Early life and career
Basil Davey was educated at Blundell's School in Tiverton, RMA in Woolwich and at Jesus College, Cambridge.

He was commissioned Second Lieutenant into the Royal Engineers on 26 August 1916 and saw active service with 1 Field Squadron during the First World War, where he was Mentioned in Dispatches.  He was promoted Lieutenant on 26 February 1918. After the war, in around 1920, he was posted to India with the 2nd Queen Victoria's Own Sappers and Miners. He was promoted captain on 24 September 1926.
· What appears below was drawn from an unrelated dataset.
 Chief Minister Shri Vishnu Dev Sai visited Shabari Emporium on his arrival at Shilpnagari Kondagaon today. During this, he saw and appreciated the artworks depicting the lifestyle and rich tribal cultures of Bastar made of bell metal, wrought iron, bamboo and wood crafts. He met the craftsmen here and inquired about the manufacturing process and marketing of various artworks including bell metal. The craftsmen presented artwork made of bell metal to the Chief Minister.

In 1928, Captain Davey was posted to Catterick as Assistant Chief Royal Engineer (Asst-CRE). In October 1930 he was posted as an Instructor (Engineering) to the Royal Military College of Canada, in Ontario, until July 1934.  On return from Canada, Davey was posted to Chatham to take command of a Squadron Training Battalion, Chatham.  He was promoted to major on 16 July 1936 and qualified as an Interpreter (1st Class) and was posted to Rome.  In 1938, he returned to Catterick.

Second World War
At the start of the Second World War Davey was appointed Chief Royal Engineer of 6 Armoured Division and saw service in Algeria and Tunisia. He was promoted to substantive lieutenant colonel on 1 August 1942 and as acting-Brigadier was engaged on planning as Chief Engineer XXX Corps for the Allied Invasion of Sicily, under  Lt Gen Sir Oliver Leese, for which he was appointed a Commander of the Order of the British Empire on 23 March 1944 (the citation for which is available in The National Archive at Kew).

XXX Corps was subsequently called home to take part in the Normandy landings and Davey remained the Corps' Chief Engineer through Operation Overlord, the crossing of the Seine and Operation Market Garden. He returned to England in November 1944.

In early 1945 he was posted to Italy as Chief Engineer 8th Army and in May 1945 he became the Chief Engineer of the British Force that advanced into Austria. He was promoted to colonel on 1 Aug 1945 and was awarded the US Legion of Merit (Commander) at Schloß Schönbrun on 1 September 1946.

Post war

Davey returned to England in 1947 and the following year was appointed Commandant of the Royal School of Military Engineering. Promoted to brigadier on 29 November 1949, he was appointed a Commander Order of the Bath on 1 June 1951. He became Commandant of the Royal Military College of Science on 1 August 1951 and was promoted to the substantive rank of major general on 14 May 1952.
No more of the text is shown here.